X-linked Hypophosphataemia (XLH) is a rare, complex and progressive disease that affects the body’s ability to absorb phosphate and develop healthy bones and teeth. Symptoms vary widely between individuals and within individuals over time.
Below are some of the most common issues seen in children (Paediatric symptoms) and in adults (Adult symptoms).
Development of the Legs: In children the first thing that is noticed is that there is some bowing of the legs. It can be missed initially as toddlers often have a degree of mild ‘physiological’ bowing. Children with XLH may walk late or have pain in their legs, with swelling of the ankles, knees and wrists or a waddling gait. These are all signs of rickets and children may be misdiagnosed as having vitamin-D deficiency rickets.
Normally the diagnosis of rickets is made by radiographs. Once rickets is diagnosed and vitamin D deficiency is ruled out, then the diagnosis of hypophosphataemic rickets is confirmed using paired urine and blood tests. This looks at how much phosphate is being lost in the urine, combined with low blood phosphate level (phosphate wasting). Other clues to the diagnosis may be tooth abscesses or affected family members.

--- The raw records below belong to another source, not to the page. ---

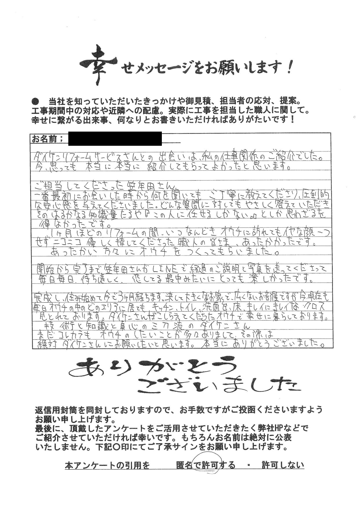 絶対ダイケンさんにお願いしたいと思います。本当にありがとうございました。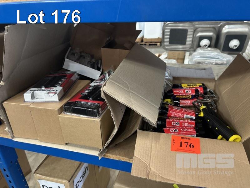 ASSORTED HINGES, DOOR STOPS & PAINT ROLLERS (2 x BOXES)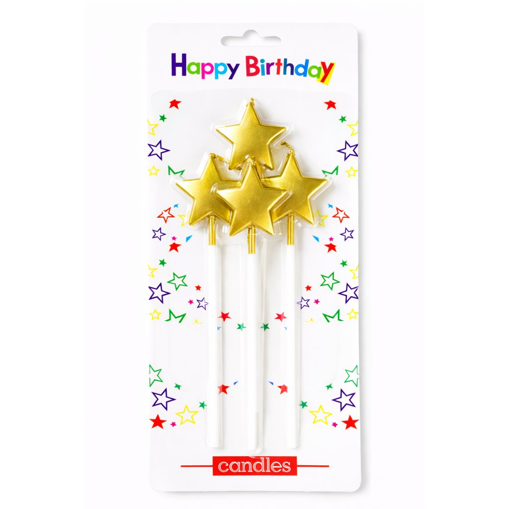 Dortová svíčka hvězda zlatá 4ks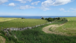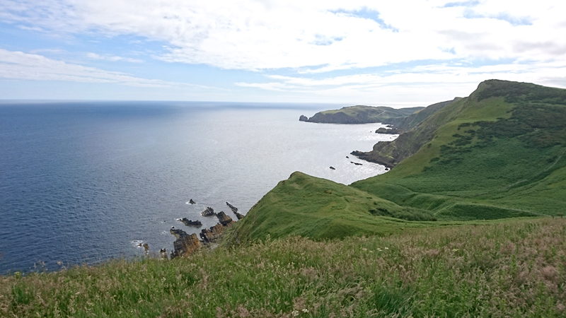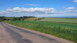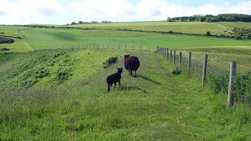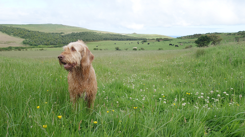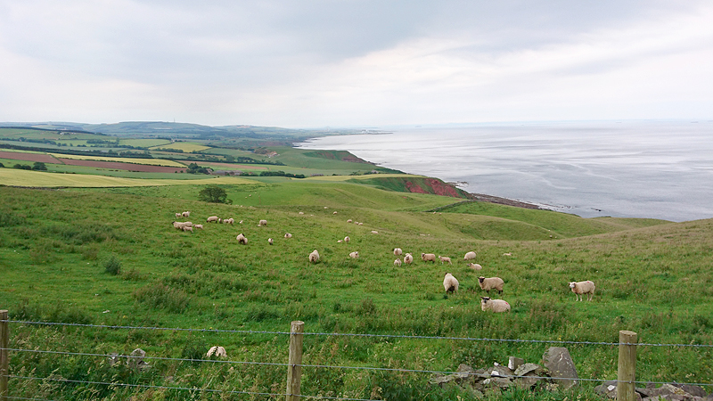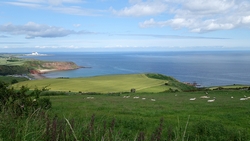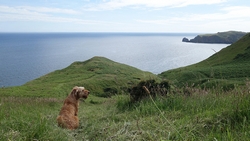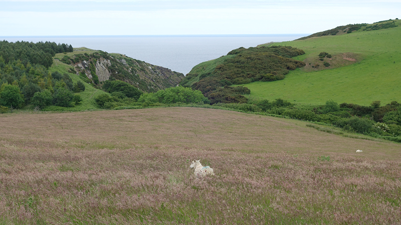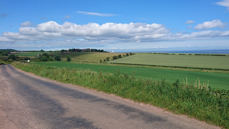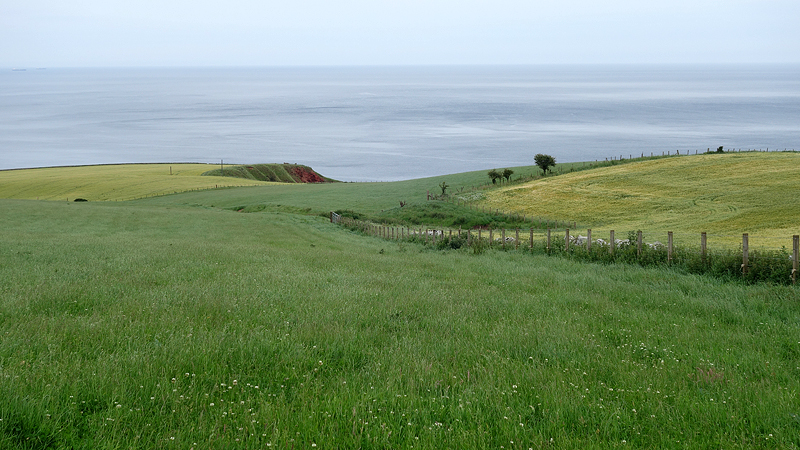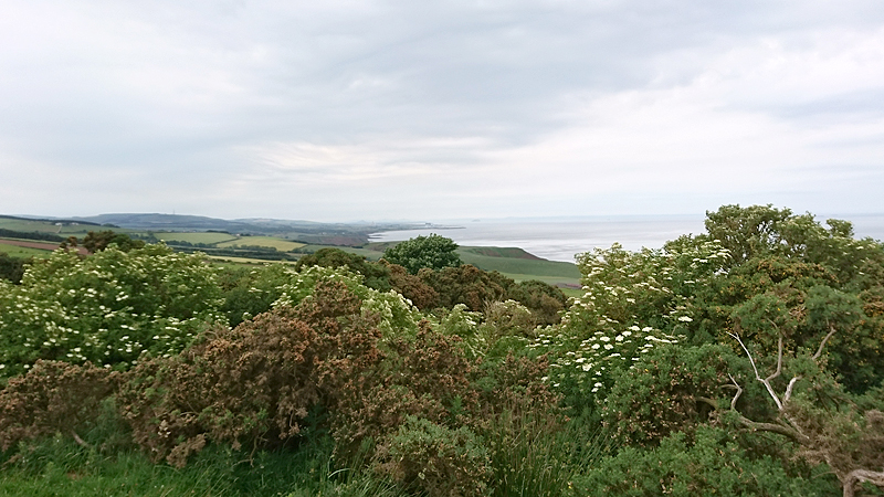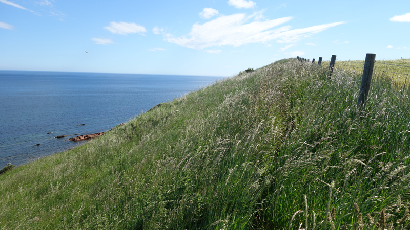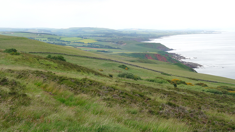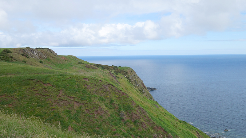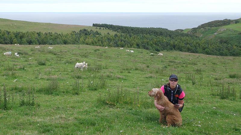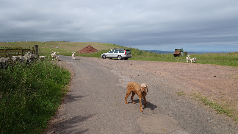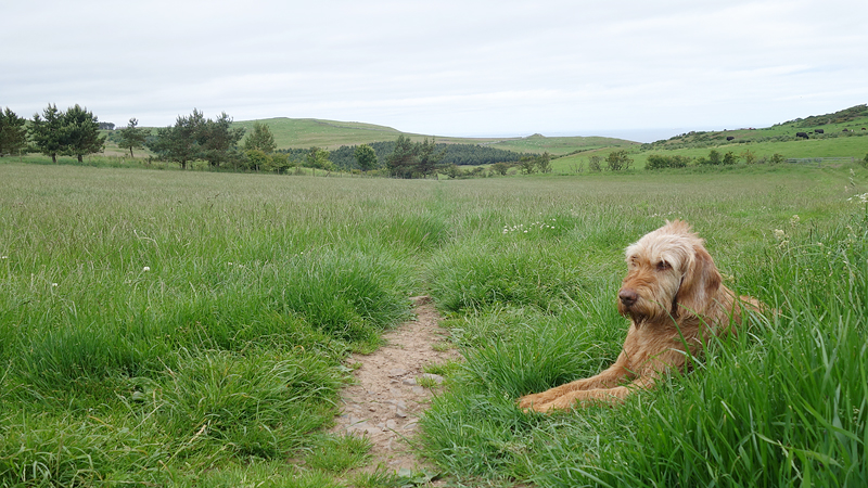 We lopen even langs de weg St Abbs weer uit maar al snel slaan we rechtsaf. Inmiddels is het weer bloed heet. Ik kijk voor me uit en zie een totaal open vlakte met heuvels. Dit lijkt me niet goed voor woef maar ik besluit een klein stukje door te lopen voor een uitzichts punt.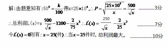 某厂生产产品x件的总成本c(x)=(万元),已知产品单价P(万元) 与产品件数x满足:,生产1件这样的产品单价为16万元.

The key to making the diagnosis is the doctor thinking about this as a possibility. Sometimes the phosphate can be in the lower part of the normal range and children can go for many months and years before someone looks more closely. After establishing the clinical diagnosis, the genetic diagnosis can be made. Most of the time it is due to a mutation in PHEX but there are other causes of hypophosphataemia.
Development of the Skull: Some children with XLH may have craniosynostosis, a condition where the skull bones fuse prematurely, leading to abnormal head shape and potential developmental issues. Surgery is the primary treatment method and aims to release the fused sutures and allow for normal brain growth. The long-term prognosis varies depending on individual factors, but early diagnosis and intervention are crucial for better outcomes.
Chiari type 1 malformation is a structural problem in the brain where the cerebellar tonsils extend below the opening at the base of the skull. It is detected in 25–50% of children with XLH, by use of cranial MRI or CT scan. Most cases are asymptomatic, but compression of the lower brainstem and upper cervical cord might cause symptoms requiring surgical correction.
In adults with XLH, symptoms can vary in severity over time, and some individuals may have milder or more severe manifestations of XLH.
One of the most prevalent symptoms is bone pain, which can be chronic and affect different parts of the body. Adults with XLH may experience pain in their legs, arms, and lower back, making it challenging to perform regular activities.
Because of phosphate wasting, adults with XLH are also at a higher risk of developing bone deformities, such as bowed legs or an abnormal curvature of the spine (kyphosis). Stress fractures may not heal as easily and bones are at risk of insufficiency fractures because they are softer (osteomalacia). Joints may be stiff and develop enthesopathies (abnormalities where tendons and ligaments attach to bones). These deformities can lead to further discomfort and difficulty in movement.
Adults with XLH may also suffer from muscle weakness, which can contribute to reduced physical strength and endurance. This weakness may affect their ability to walk long distances or participate in physical activities.